In today’s Morning Minute, written by Tyler Warner, we explore fresh developments in the cryptocurrency world and other intriguing stories. Note that these analyses reflect Warner’s views and not necessarily those of Decrypt.
Bitcoin developers have introduced a new quantum-proof strategy. On Tuesday, Casa CTO Jameson Lopp, alongside five collaborators, submitted BIP-361 to Bitcoin’s GitHub. This proposal outlines a three-phase approach to move funds from quantum-vulnerable addresses or risk freezing them on the network. Currently, about 34% of BTC is held in early Pay-to-Public-Key addresses with exposed public keys, including an estimated 1.1M BTC (~$74B) belonging to Satoshi Nakamoto. A sufficiently advanced quantum computer could potentially exploit these using Shor’s algorithm, a concern Google’s quantum team has highlighted for the year 2029.
The plan involves banning new transactions to legacy addresses, freezing all coins that haven’t been migrated, and subsequently offering ZK-proof recovery through BIP-39 seed. Lopp himself describes this as an initial concept and not immediately necessary, though he acknowledges the urgency due to advancing quantum technology.
In other news, World Liberty Financial (WLFI) is facing resistance after proposing a governance change. The proposal aims to unlock 62.3 billion tokens with vesting extending beyond Trump’s potential second term. Investors face a two-year cliff before linear vesting for early stakeholders; non-supporters risk indefinite locking of their tokens. Founders plan to burn 10% of their shares, with the remainder vesting over five years post-two-year cliff. This has been met with disapproval from WLFI holders, including Justin Sun.
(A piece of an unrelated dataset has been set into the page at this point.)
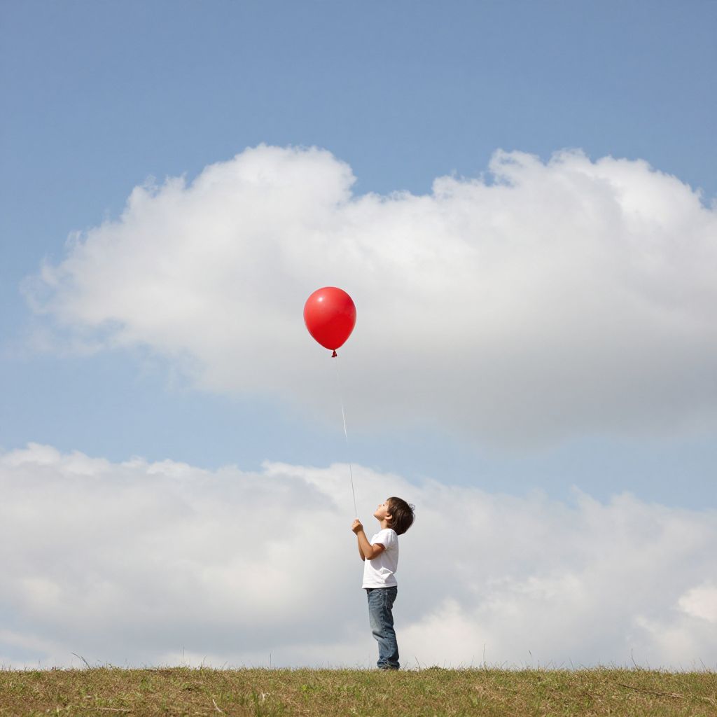 A child stands in a field, holding onto the strings of a red balloon that floats serenely among fluffy white clouds, defying gravity and merging seamlessly with the sky.

Meanwhile, a former wool sneaker company for SF tech workers that once soared to $4B valuation before plummeting by 99%, is shifting focus to AI compute infrastructure under the new moniker NewBird AI. The stock surged from $2.49 to $17 intraday on Tuesday as part of its strategy to divest the Allbirds brand, valued at $39M, to American Exchange Group. Additionally, it secured a $50M convertible loan from an institutional investor to finance GPU hardware for leasing.
With AI’s growth trajectory in mind, some are drawing parallels between this move and past tech bubbles like pets.com.
Elon Musk is set to launch X Money this month, envisioned as peer-to-peer payments integrated into X with potential stablecoin features, ultimately aiming to supplant traditional banking. On Tuesday, Senator Warren demanded written responses from Musk by April 21 regarding FDIC insurance gaps, possible stablecoin issuance under the GENIUS Act, financial surveillance, data monetization, and whether his leadership at X inspires consumer confidence.
Warren, as the Senate Banking Committee’s ranking member, is part of the committee overseeing the Clarity Act markup this month. The simultaneous events include the X Money launch, a Warsh hearing, and an FOMC meeting, marking a particularly active April for Washington.